Solve tree partition and IPO allocation
Company: Two Sigma
Role: Machine Learning Engineer
Category: Coding & Algorithms
Difficulty: Medium
Interview Round: Take-home Project
1) Tree partitioning for minimum difference: Given a rooted tree as an array parent of length n (parent[i] gives the parent of node i, and parent[root] = -
1) and an integer array inputs of length n giving each node's weight, cut exactly one edge to split the tree into two connected components. Return the minimum possible absolute difference between the sums of inputs in the two components. Example: parent = [-1, 0, 0, 1, 1, 2], inputs = [1, 2, 2, 1, 1, 1] -> 0 by cutting the edge between nodes 0 and 1 (components {0,2,5} sum to 4 and {1,3,4} sum to
4). Describe your algorithm and its time/space complexity.

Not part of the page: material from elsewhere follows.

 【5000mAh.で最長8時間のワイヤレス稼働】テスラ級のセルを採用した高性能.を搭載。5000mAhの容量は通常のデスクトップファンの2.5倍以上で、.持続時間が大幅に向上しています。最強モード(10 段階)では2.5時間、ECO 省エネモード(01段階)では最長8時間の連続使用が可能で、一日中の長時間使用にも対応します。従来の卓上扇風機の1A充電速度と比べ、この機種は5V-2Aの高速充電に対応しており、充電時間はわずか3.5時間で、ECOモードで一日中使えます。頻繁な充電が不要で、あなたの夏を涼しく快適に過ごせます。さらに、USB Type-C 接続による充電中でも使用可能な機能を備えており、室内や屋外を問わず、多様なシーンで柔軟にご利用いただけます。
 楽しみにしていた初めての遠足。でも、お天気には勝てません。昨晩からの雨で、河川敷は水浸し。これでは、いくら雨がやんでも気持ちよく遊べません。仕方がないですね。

2) IPO share allocation with round-robin at price tiers: You are given an integer S (total shares to allocate) and a list of bids, where each bid is a tuple (bidder_id, shares_requested, price, timestamp). Process bids by price in descending order. For a price group with a single bidder, allocate min(S, shares_requested) to that bidder. For a price group with multiple bidders, allocate one share per turn in round-robin order among bidders sorted by ascending timestamp; remove a bidder from the rotation once they receive shares_requested; continue until either all bidders in the current price group are fulfilled or S becomes 0, whichever comes first. If S remains after finishing a price group, move to the next lower price group and repeat. Return a list of integers representing, in the same order as the input bids, how many shares each bid receives. State edge cases you would handle and the time/space complexity.

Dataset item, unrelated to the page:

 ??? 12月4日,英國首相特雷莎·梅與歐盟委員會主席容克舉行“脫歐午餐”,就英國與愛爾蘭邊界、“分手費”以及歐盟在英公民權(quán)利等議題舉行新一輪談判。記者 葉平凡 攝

Quick Answer: This question evaluates algorithmic problem-solving skills in tree processing and allocation simulations, specifically assessing understanding of subtree-sum computation for tree partitioning and deterministic round-robin allocation logic for IPO-style share distribution, along with appropriate data structure selection and correctness under edge cases. It is commonly asked in the Coding & Algorithms domain because it measures practical application-level implementation and the ability to analyze time and space complexity rather than purely conceptual proof.